Nuhma, détenu depuis longtemps par les communes limbourgeoises, souhaite aujourd’hui ouvrir son capital aux citoyens. "Nous voulons les impliquer directement dans la transition énergétique et leur proposer un investissement intéressant assorti d’un dividende", explique le CEO Ludo Kelchtermans. Une participation ouverte à tous en Belgique, même si les formalités se font pour l’instant seulement en néerlandais.

Une nouvelle coopérative

Cette initiative se matérialisera par le biais d’une nouvelle coopérative, ECO2050, qui investira directement dans les parcs éoliens offshore C-Power, Rentel et le futur parc Seamade. Depuis vendredi, les familles et les organisations peuvent souscrire les actions de la coopérative, d’une valeur de 50 euros.

Nous pensons qu’il est intéressant que les citoyens puissent investir dans un portefeuille diversifié de projets énergétiques allant des parcs éoliens terrestres aux parcs offshore, en passant par des centrales de biomasse, des parcs solaires et des réseaux de distribution d’énergie comme Elia et Fluxys.
Ludo Kelchtermans
CEO de Nuhma

Il existe déjà des dizaines de sociétés coopératives permettant aux citoyens d’investir dans des projets d’énergie locaux. On peut citer Ecopower, Aspiravi Samen, Eoly ainsi qu’Electrabel CoGreen. La plupart s’adressent aux riverains de parcs éoliens terrestres, ce qui permet d’augmenter leur soutien. ECO2050 est la première coopérative dans le secteur de l’éolien offshore.

Des intérêts en fonction du vent

ECO2050 ne détiendra aucune participation directe dans des parcs offshore. La coopérative investira via un emprunt subordonné dans Z-Kracht, la division offshore de Nuhma. L’intérêt versé sur cet emprunt sera variable. Pendant la phase de construction – plus risquée – ECO2050 percevra un intérêt de 6%. Lorsque le projet sera lancé, le taux oscillera entre 4 et 6%, selon la quantité d’énergie produite. Par conséquent, après une année très venteuse, ECO2050 réalisera davantage de bénéfices et distribuera un dividende plus élevé que lors des années où il y aura moins de vent.

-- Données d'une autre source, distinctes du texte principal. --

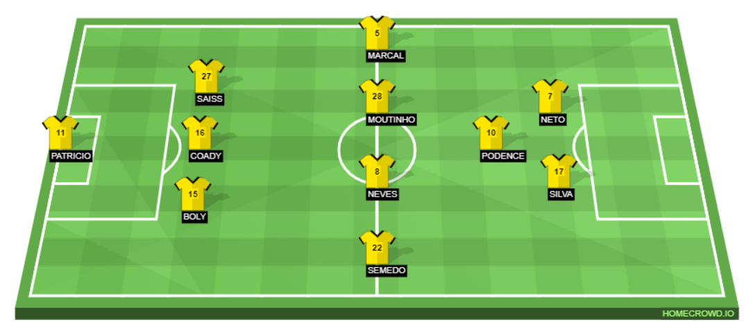 울버햄튼의 예상 라인업 (3-4-1-2)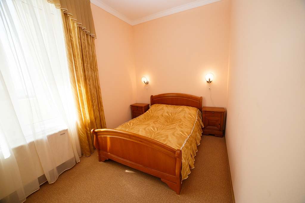 Номера с удобствами (совмещенный санузел с ванной). В номере: 2 раздельные кровати, телевизор, холодильник, кондиционер, набор мебели, вид на парковую территорию. Балконов нет. Дополнительное место: кровать. При реконструкции корпуса лоджию объединили с жилой комнатой, в связи с чем появилась небольшая комнатка, где и расположена дополнительная кровать.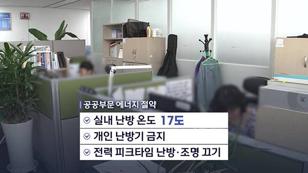 올겨울 산업부가 시행하는 '공공기관 에너지 다이어트 10'이 시작됐습니다. 공공기관의 난방온도를 17도로 제한하는 게 핵심입니다. 그전엔 18도, 때에 따라선 20도까지도 가능했는데 올해는 예외 없이 딱 잘라 17도라고 합니다.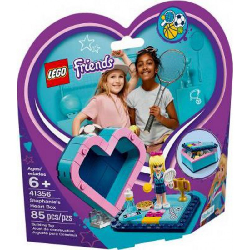 La boîte cœur de Stéphanie LEGO® Friends 41356 est une jolie mallette de transport pour la sportive Stéphanie LEGO Friends et tous les articles qui représentent le mieux son caractère. À l’intérieur de la boîte en forme de cœur se trouvent une raquette de tennis et une balle, afin de montrer ses compétences sportives, où qu'elle soit. Il y a aussi un trophée d'or qui démontre que le dévouement et le travail acharné portent leurs fruits! Inclut la mini-poupée Stéphanie. Inclut la mini-poupée Stéphanie. Comprend une mallette en forme de cœur à construire dans les couleurs de Stéphanie, avec une plaque nominative Stéphanie. Les accessoires incluent une raquette de tennis, une balle, un trophée, une bouteille d'eau, une pizza, un téléphone mobile et un ruban pour les cheveux. Cette boîte permet de montrer ses talents au tennis et son trophée. Il est possible de tout mettre à l'intérieur de la jolie boîte en forme de cœur pour l'emmener et jouer en voyageant! Possibilité de placer la boîte sur son stand pour l’exposer dans sa chambre, puis enlèver le couvercle pour créer une scène pour Stéphanie. Les ensembles LEGO® Friends encouragent le jeu créatif et rendent la construction imaginative et amusante. Possibilité d'empiler ce jouet LEGO® Friends très cool avec la boîte cœur d'Andréa 41354, la boîte cœur d'Emma 41355, la boîte cœur d'Olivia 41357 et la boîte cœur de Mia 41358 pour découvrir les personnalités de toutes les amies d'Heartlake City. Mesure plus de 3cm de haut, 8cm de large et 8cm de profondeur. Instructions de montage. Une véritable occasion d'emmener Stéphanie LEGO® Friends dans sa boîte coeur, quelque soit l'endroit! Produit unitaire EAN 5702016368741.

"Ce financement indirect d’éolien offshore n’est qu’une première étape", poursuit Ludo Kelchtermans. L’objectif est d’ouvrir à la population une partie de la participation des communes. Les citoyens pourraient détenir jusqu’à 20% du capital de Nuhma, ce qui correspond à 80 millions d’euros. "Nous pensons qu’il est intéressant que les citoyens puissent investir dans un portefeuille diversifié de projets énergétiques allant des parcs éoliens terrestres aux parcs offshore, en passant par des centrales de biomasse, des parcs solaires et des réseaux de distribution d’énergie comme Elia et Fluxys", estime Ludo Kelchtermans.

Contrôle vigilant de la FSMA

Mais il faudra se montrer patient. "L’autorité de contrôle, la FSMA, interprète de façon rigoureuse les règles appliquées aux fonds d’investissement, c’est pourquoi nous devrions tomber sous le coup d’une réglementation très stricte, avec de nombreuses obligations de reporting et des frais importants. Et même si nous impliquons les banques pour collecter l’argent auprès des citoyens, cela coûtera très cher. Dans un tel scénario, le rendement résiduel serait insuffisant, poursuit Ludo Kelchtermans. Mais nous continuons à chercher des solutions pour permettre aux citoyens d’investir dans les projets de Nuhma."